Astragalus tyghensis
- Conservation status: Imperiled (NatureServe)

Scientific classification
- Kingdom: Plantae
- Clade: Tracheophytes
- Clade: Angiosperms
- Clade: Eudicots
- Clade: Rosids
- Order: Fabales
- Family: Fabaceae
- Subfamily: Faboideae
- Genus: Astragalus
- Species: A. tyghensis
- Binomial name: Astragalus tyghensis M.Peck

= Astragalus tyghensis =

- Authority: M.Peck |
- Conservation status: G2

Species of legume

Astragalus tyghensis is a species of flowering plant in the legume family known by the common name Tygh Valley milkvetch. It is endemic to Oregon in the United States, where it is known only from the Tygh Valley of Wasco County.

This species is a perennial herb growing from a stout taproot and a branching caudex. The plant forms mats or clumps, with stems growing prostrate or upright and up to 55 centimeters long. Most of the plant is covered in long, silky hairs. The leaves are divided into a number of leaflets each up to 1.7 centimeters long. The inflorescence is a raceme of up to 40 flowers. Each flower has a calyx of very hairy sepals and a pale yellow corolla up to 1.2 centimeters long. The fruit is a legume pod up to 0.7 centimeters long. The flowers are pollinated by insects, particularly bees, and the plant reproduces by seed.

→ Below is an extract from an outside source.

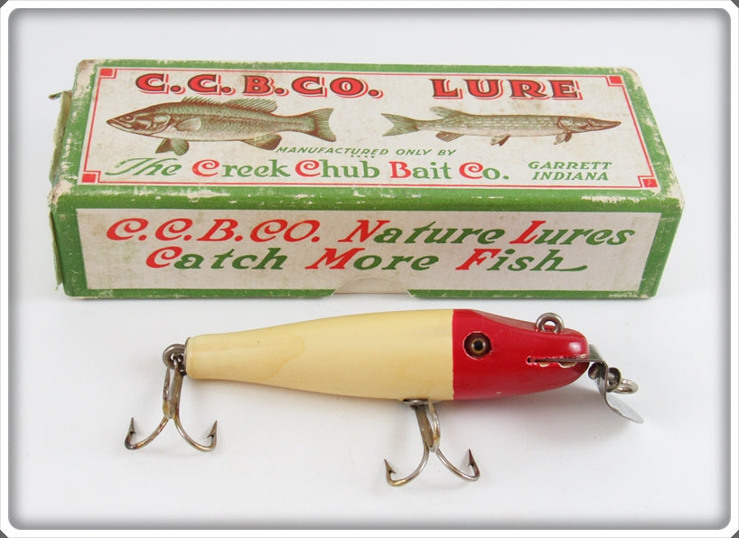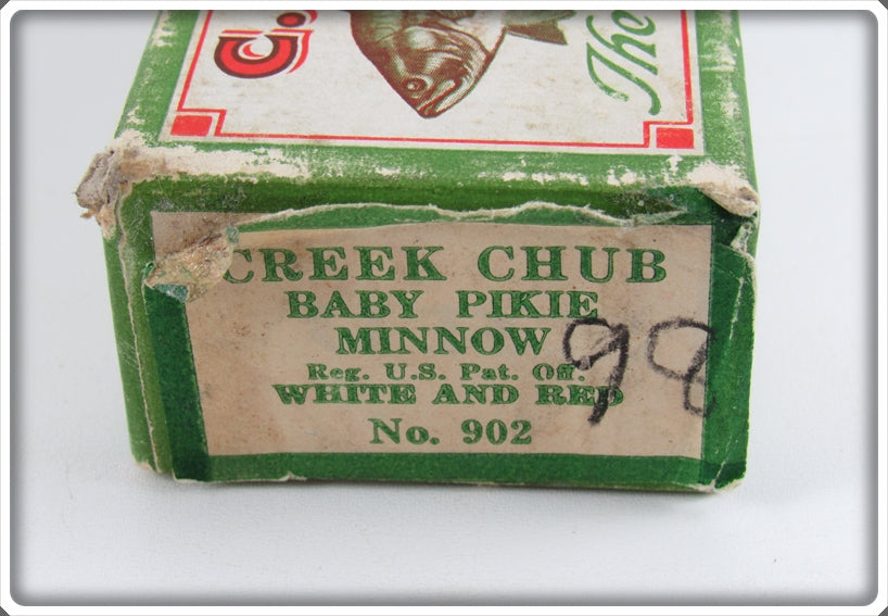 This is a nice old Creek Chub White And Red Baby Pikie lure # 902 that was sold on Tough Lures! Vintage and antique fishing lures are added for sale often so keep checking back! I buy old lures so feel free to contact me if you have any to sell.
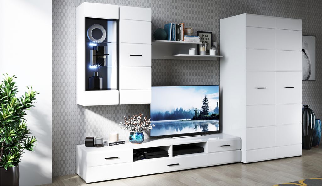 Гостиная Йорк с шкафом, белый, белый глянец - 52 700,00

This species grows in sagebrush, prairie, and grassland habitat, and may occur along roadsides.

This species was a candidate for federal protection by the United States Fish and Wildlife Service. It is now considered a Species of Concern. The plant's habitat has been consumed for agricultural purposes. It also faces competition with noxious weeds, such as Centaurea diffusa.